Building on DYVERSE and based on the adaptive processes of the human brain –that is, neuroplasticity–, we are currently working on Neuro-DYVERSE: an attempt to transform computational neuroscience by introducing the field ‘hybrid systems neuroscience’. This requires the reformulation of hybrid system models, analysis dynamical tools and control schemes for neuronal systems. We have shown how the modelling and analysis framework of our tool DyverseRBT (Rigid-Body Toolbox), based on the non-classical MRB (Multi-Rigid Body) hybrid automaton specification, is applicable to the case of neuronal networks. This work, enhanced by a sabbatical year at Instituto Cajal, has the potential to revolutionise the modelling, analysis and simulation of complex adaptive systems.
Other recent applications of my work include:
• Network science and machine learning for collective intelligence in evolving social systems. We have refined complex network theory and machine learning techniques to detect and classify ‘communities’ in software dependency networks. We have also used network science theory and statistical methods to identify key properties in social networks, and in temporal linguistic networks –specifically, the evolution of the English language in the past 1,000 years.

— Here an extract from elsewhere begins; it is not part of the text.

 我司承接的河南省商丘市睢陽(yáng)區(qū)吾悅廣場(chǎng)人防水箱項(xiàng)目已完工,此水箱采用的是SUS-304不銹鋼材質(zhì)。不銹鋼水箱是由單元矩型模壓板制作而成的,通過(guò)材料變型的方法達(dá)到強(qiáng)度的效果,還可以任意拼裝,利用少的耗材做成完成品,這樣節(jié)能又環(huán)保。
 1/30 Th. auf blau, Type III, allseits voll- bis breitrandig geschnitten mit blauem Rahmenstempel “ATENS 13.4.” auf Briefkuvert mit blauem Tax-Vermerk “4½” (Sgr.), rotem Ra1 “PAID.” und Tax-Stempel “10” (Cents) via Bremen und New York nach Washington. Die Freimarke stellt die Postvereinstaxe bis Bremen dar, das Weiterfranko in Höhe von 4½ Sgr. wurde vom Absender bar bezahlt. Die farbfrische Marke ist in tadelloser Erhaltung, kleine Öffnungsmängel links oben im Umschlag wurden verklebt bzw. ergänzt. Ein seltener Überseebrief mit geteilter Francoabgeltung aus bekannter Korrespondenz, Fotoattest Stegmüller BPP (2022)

• Machine learning and data science for health. This is part of my work on bio-health informatics, specifically on gene regulatory networks and medical imaging analysis.
• Dynamical systems theory, network and data science for social computing. I am part of the Group of Planning and Environmental Management and the Manchester Urban Institute within the School of Environment, Education and Development at the University of Manchester. We are applying complex networks theory, dynamical systems analysis, and data science to model and analyse social interactions in metropolitan areas, including different aspects of urban dynamics and the built/natural environments, land use and transport interactions, new mobility systems, autonomous vehicles and demographic dynamics. We are working closely with Greater Manchester Combined Authority (GMCA).

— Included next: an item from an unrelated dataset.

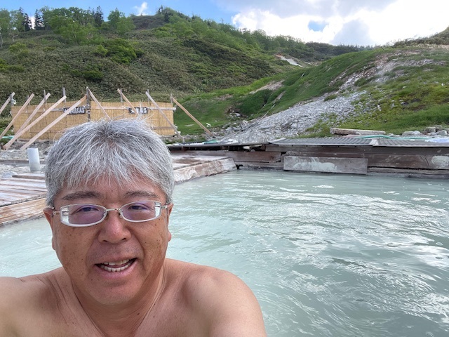 6月13日木曜日朝イチのJAL便で青森空港に飛びました。レンタカーを借りて、まずは、秋田県は仙北市の乳頭温泉に向かいました。隊長は何も仰られませんでしたが、きっと道を間違えられたのでしょう、なんと3時間半(普通は2時間40分くらいのはず・笑)掛かってようやく秋田県の乳頭温泉郷(7つの温泉があります)に到着しました。全部入りたいところですが、時間がないので、一番有名な鶴の湯に到着。ここのお湯はまさに乳白色の硫黄泉でした。時間欠乏のため、ゆっくりできなかったのが残念でしたが、最高のお湯でした。今度はゆっくり残りの6つのお湯を満喫したいです。また是非是非来たい温泉でした。
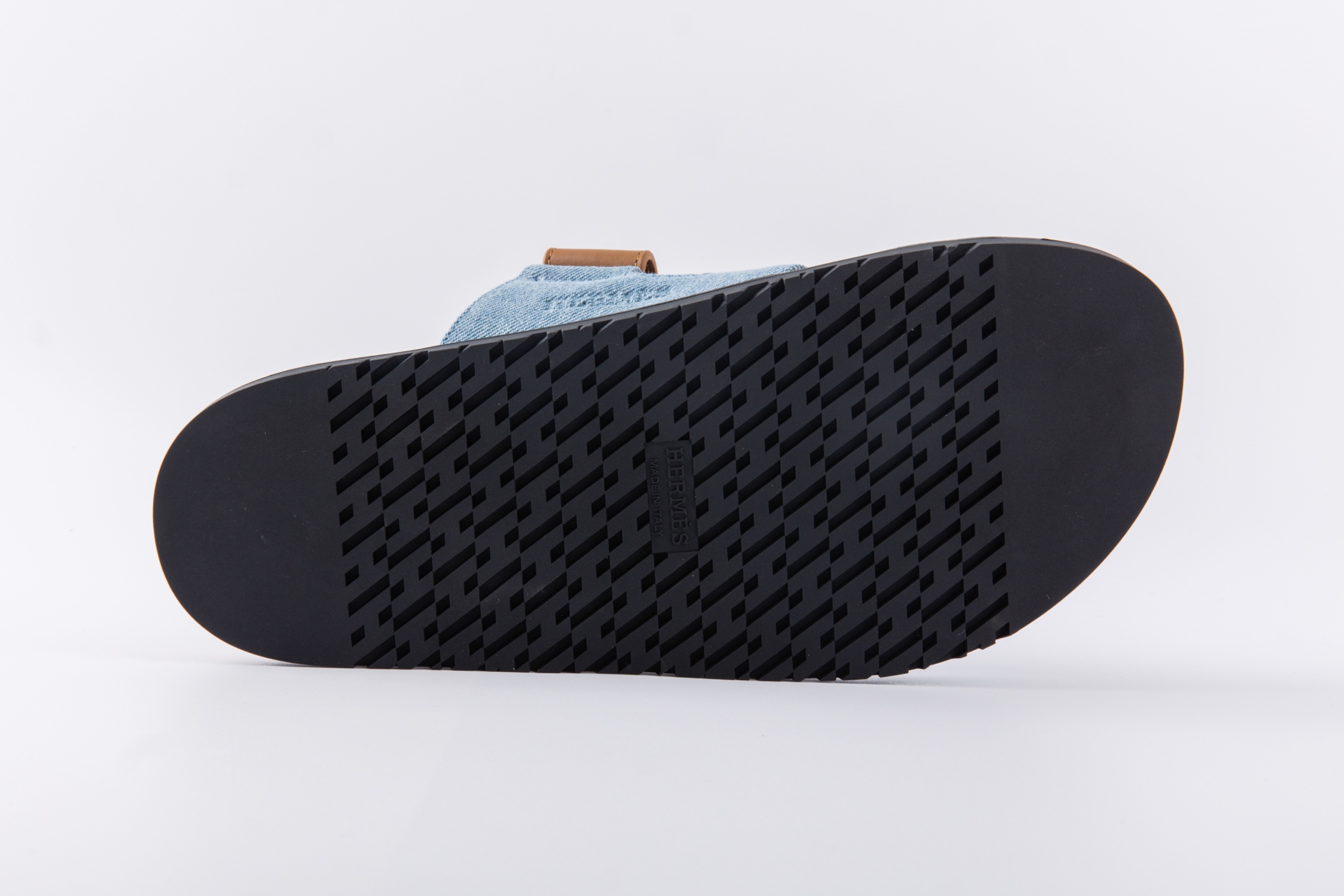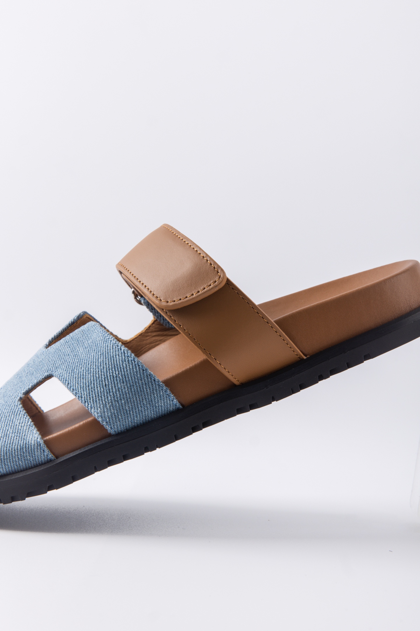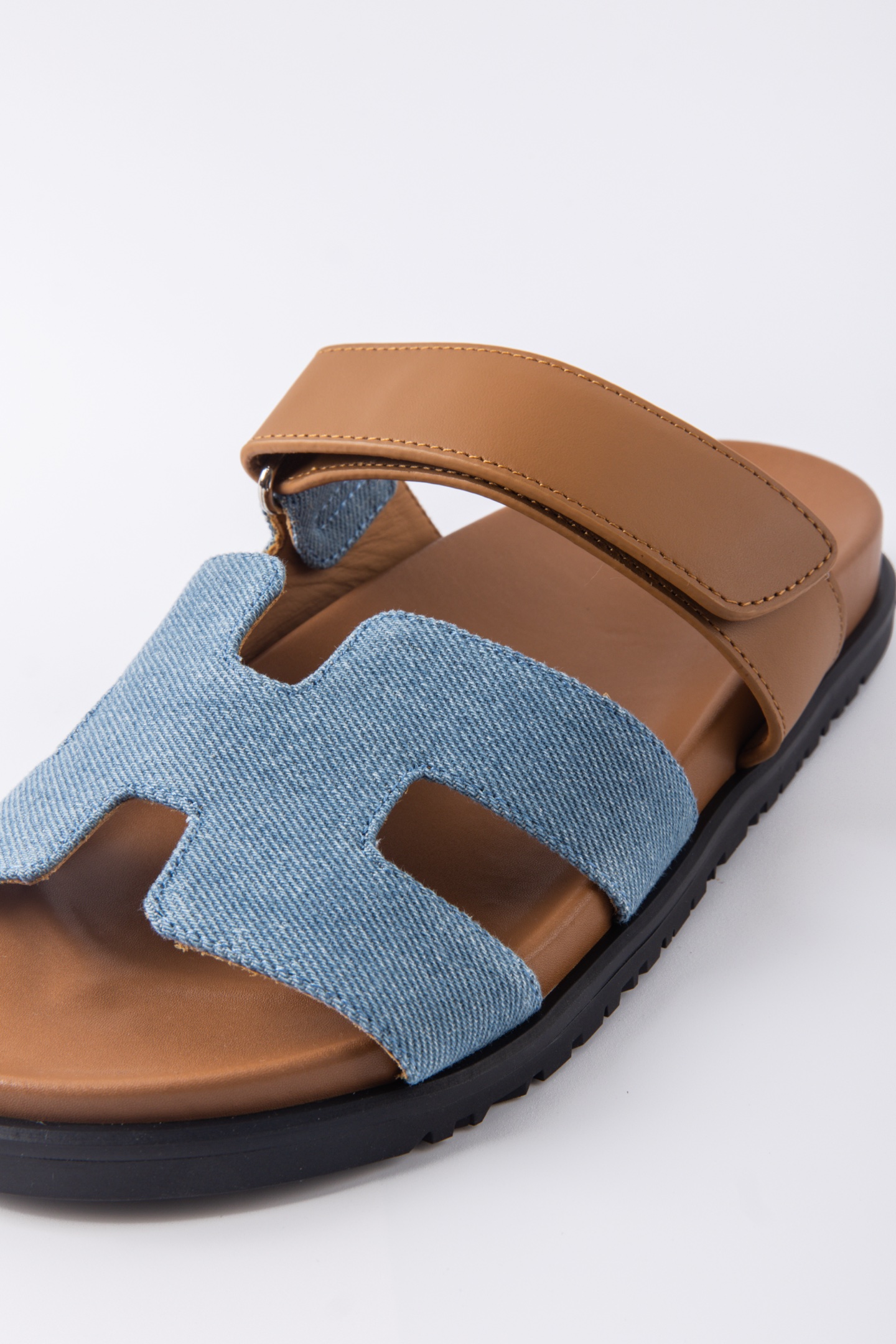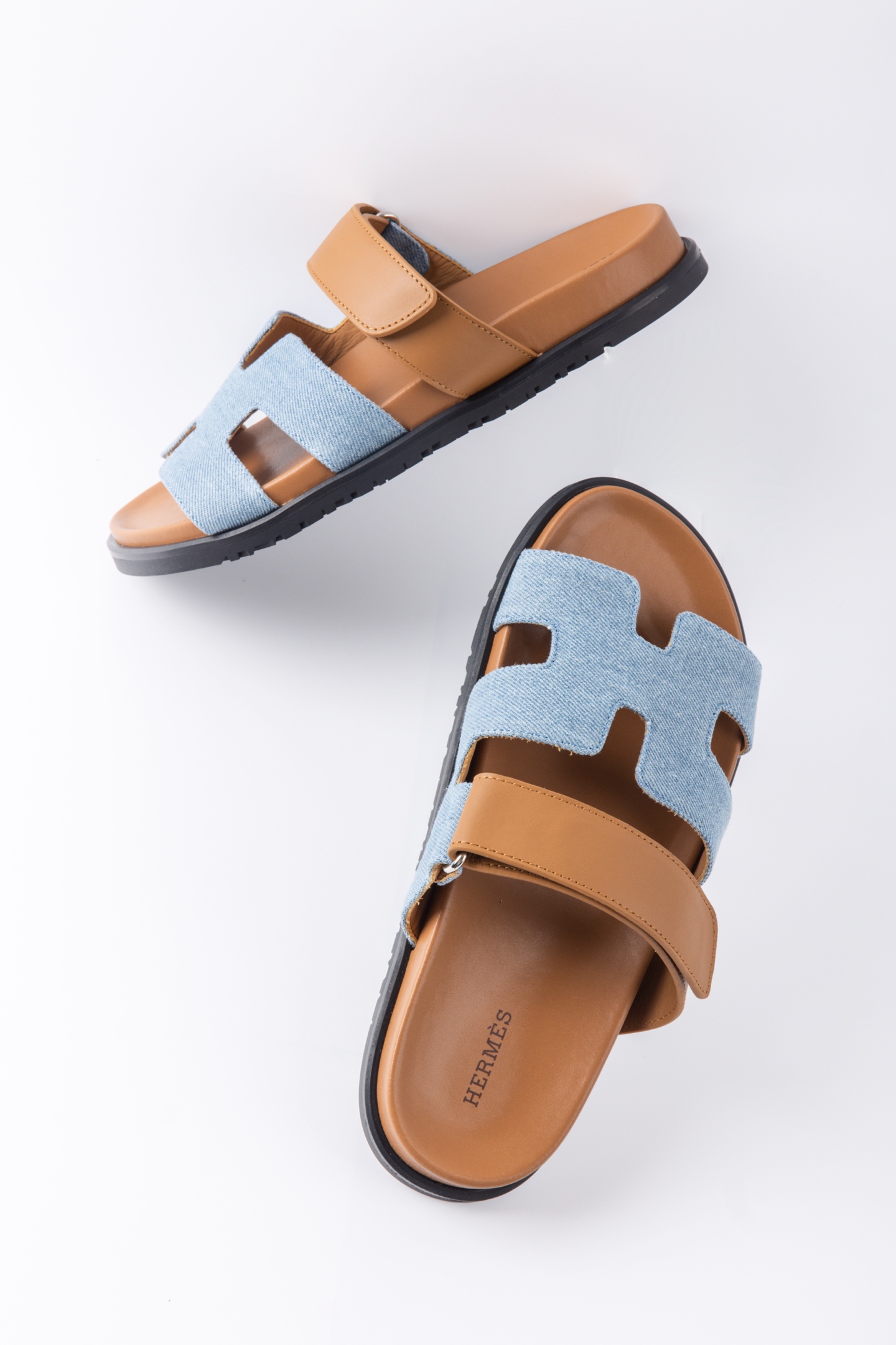 Hermes愛馬仕lzmir 二舅拖鞋H拖 咖色皮拼藍牛仔

• Safety- and security-critical infrastructures. Mainly, smart grids including renewable energy sources. I have a long-standing experience in modelling and analysing energy distribution systems –since my work in the energy sector in Mexico.
More details of my eclectic research is at https://www.evanavarro.org/research.
Would you like to discover, learn and create through cutting-edge research topics?
Visit the following webpage to discover all the wide range of opportunities that you have to work with me.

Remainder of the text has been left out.